The failure of Soviet communism is only the latest demonstration that
freedom and property rights, not sharing, are essential to prosperity. The
earliest European settlers in America had a dramatic demonstration of that
lesson, but few people today know it.

When the Pilgrims first settled the Plymouth Colony, they organized their
farm economy along communal lines. The goal was to share everything equally,
work and produce.

They nearly all starved.

Why? When people can get the same return with a small amount of effort as
with a large amount, most people will make little effort. Plymouth settlers
faked illness rather than working the common property. Some even
stole<http://tinyurl.com/yr9d8b>,
despite their Puritan convictions. Total production was too meager to
support the population, and famine resulted. Some ate rats, dogs, horses and
cats. This went on for two years.

"So as it well appeared that famine must still ensue the next year also, if
not some way prevented," wrote Gov. William Bradford in his diary. The
colonists, he said, "began to think how they might raise as much corn as
they could, and obtain a better crop than they had done, that they might not
still thus languish in misery. At length after much debate of things, [I]
(with the advice of the chiefest among them) gave way that they should set
corn every man for his own particular, and in that regard trust to
themselves. ... And so assigned to every family a parcel of land."

The people of Plymouth moved from socialism to private farming. The results
were dramatic.

"This had very good success," Bradford wrote, "for it made all hands very
industrious, so as much more corn was planted than otherwise would have
been. ... By this time harvest was come, and instead of famine, now God gave
them plenty, and the face of things was changed, to the rejoicing of the
hearts of many. ... "

Because of the change, the first Thanksgiving could be held in November
1623.

What Plymouth suffered under communalism was what economists today
call the tragedy
of the commons <http://tinyurl.com/4xobe>. But the problem has been known
since ancient Greece.

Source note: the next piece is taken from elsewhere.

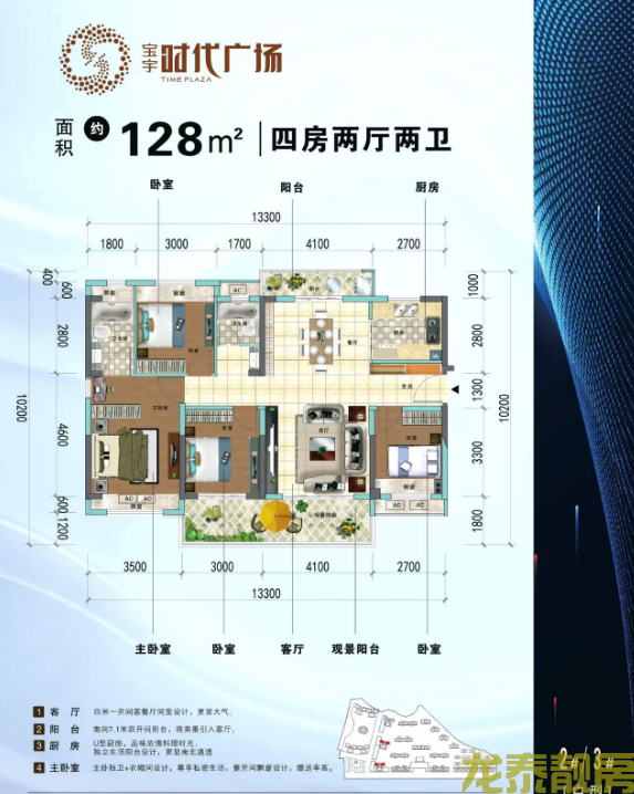 4.1米大开间客厅,承载尊崇生活,承启世家风范。南向6.4米双开间阳台,将美景引入客厅;U型厨房,洗切炒完美结合,品味烟火气中幸福的味道;主卧室舒适套房,尊享私密生活,整开间飘窗设计,赠送座高;阳台+储藏室设计,可做独立书房阳光房,提供更多功能。

As Aristotle noted, "That which is common to the
greatest number has the least care bestowed upon it."

When action is divorced from consequences, no one is happy with the ultimate
outcome. If individuals can take from a common pot regardless of how much
they put in it, each person has an incentive to be a free rider, to do as
little as possible and take as much as possible because what one fails to
take will be taken by someone else. Soon, the pot is empty and will not be
refilled -- a bad situation even for the earlier takers.

What private property does -- as the Pilgrims discovered -- is connect
effort to reward, creating an incentive for people to produce far more.
Then, if there's a free market, people will trade their surpluses to others
for the things they lack. Mutual exchange for mutual benefit makes the
community richer.

Secure property rights are the key. When producers know that their future
products are safe from confiscation, they will take risks and invest. But
when they fear they will be deprived of the fruits of their labor, they will
do as little as possible.

That's the lost lesson of Thanksgiving.